PBB: Bulan ini akan Jadi Bulan Terburuk bagi Warga Sipil yang Terjebak di Idlib

Ilustrasi Evakuasi seorang anak yang tewas akibat serangan gas kimia di Idlib/ reuters

JENEWA – Utusan Khusus PBB untuk Suriah Najat RochdiĀ  mengatakan kondisi di Suriah terus memburuk dan kebutuhan kemanusiaan bagi jutaan warga sipil tetap akut di negara yang dilanda perang itu.

Dia mengatakan kondisi di negara yang dilanda perang selama lebih dari delapan tahun ini mengkhawatirkan, dan mengimbau masyarakat internasional agar melindungi dan mendukung jutaan warga sipil yang rentan dan tidak memiliki kebutuhan mendasar untuk bertahan hidup.

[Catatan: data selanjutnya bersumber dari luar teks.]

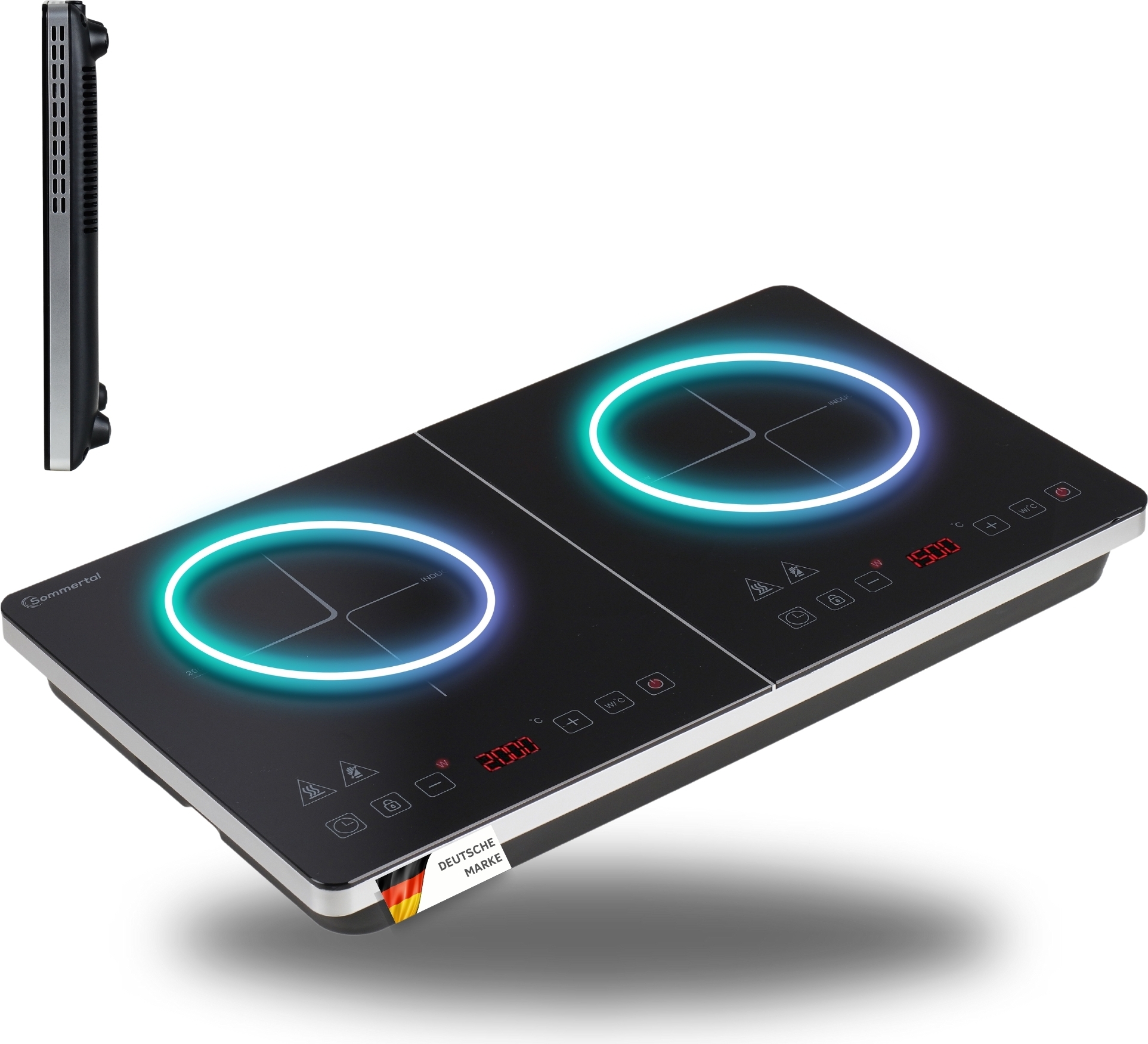 Verfügbarkeit: Auf Lager - Kategorie: Kochplatten - sommertal - GTIN:4250263782281 - 🔥 LEISTUNGSOPTIMIERTE KüHLUNG: Durch das optimierte Kühlsystem bleibt das Kochfeld auch bei intensiver Nutzung angenehm kühl. Ein leistungsstarker Lüfter sorgt dafür, dass die Wärme effizient abgeleitet wird, was die Lebensdauer des Geräts verlängert, und eine gleichbleibend hohe Leistung gewährleistet. 🔥 SUPER SLIM DESIGN: Trotz der zwei Kochzonen bleibt das Induktionskochfeld schlank und platzsparend. Das elegante Design fügt sich nahtlos in jede Küchenumgebung ein und bietet gleichzeitig genug Kochfläche für Ihre kulinarischen Kreationen. Ideal für kleine Küchen, Apartments oder mobile Küchenlösungen. 🔥 EINFACHE UND SCHNELLE BEDIENUNG: Die Touch-Bedienung macht die Steuerung des Kochfelds zum Kinderspiel. Mit nur einem Fingertipp können Sie zwischen der Temperatur und der Wattzahl auswählen oder den Timer aktivieren. Das Mikrokristallin Glas ist widerstandfähig und kratzfest, damit Sie lange Freude an diesem hochwertigen Induktionskochfeld haben. 🔥 TüV GS zertifiziert: Hochwertige Elektronik mit geprüfter Sicherheit. Dieses Kochfeld das GS-Zertifikat durch den TüV Rheinland (ID 1111290370) erhalten. 🔥 TECHNISCHE DATEN: 4,5cm x26cm x32cm (HxBxT), 3500W, 230V, Timer (bis max. 4 Stunden), Kindersicherung, GS-Geprüft, Gewicht: 4 kg, Lieferumfang: 1x 2er Induktionskochfeld, Mikrokristallin Glas, Gummifüße, kompatibel mit ... ![]() SOMMERTAL Ommertal Induktionskochfeld 2 Platte 3500W Tragbar Super-Slim Design bis 240 c mit 4h Timer, Touch-Bedienung, Kindersicherung

Menurutnya,Ā  sekitar 11,7 juta orang membutuhkan bantuan kemanusiaan dan lima juta lainnya sangat memerlukan bantuan.

Ia menambahkan bahwa bulan ini menjadi bulan terburuk bagi warga sipil yang terjebak dalam pertempuran yang meningkat antara Pemerintah dan pasukan pemberontak di Idlib di Suriah barat laut.

Juru bicara Rochdi, Jenifer Fenton, mengatakan sekurangnya 350 warga sipil dilaporkan tewas dan 330.000 lebih kehilangan tempat tinggal.

Sementara sekitar tiga juta orang khususnya menghadapi risiko, terperangkap di zona pertempuran dan nasib mereka ada di tangan pihak yang bertikai, karena tidak ada tempat untuk melarikan diri.

Dilansir VOA, Fenton mengatakan situasi masih belum aman bagi sekitar 70.000 orang yang tinggal di kamp Al Hol yang penuh sesak di Suriah timur laut. Orang-orang ini melarikan diri ke Al Hol setelah pemerintah Suriah mengambil alih Deir-Ez-Zour, kubu terakhir kelompok radikal ISIS.

Mayoritas populasi kamp itu mencakup perempuan dan anak-anak Suriah dan Irak. Populasi ini termasuk 11.000 lebih anggota keluarga dari anggota asing ISIS dari puluhan negara.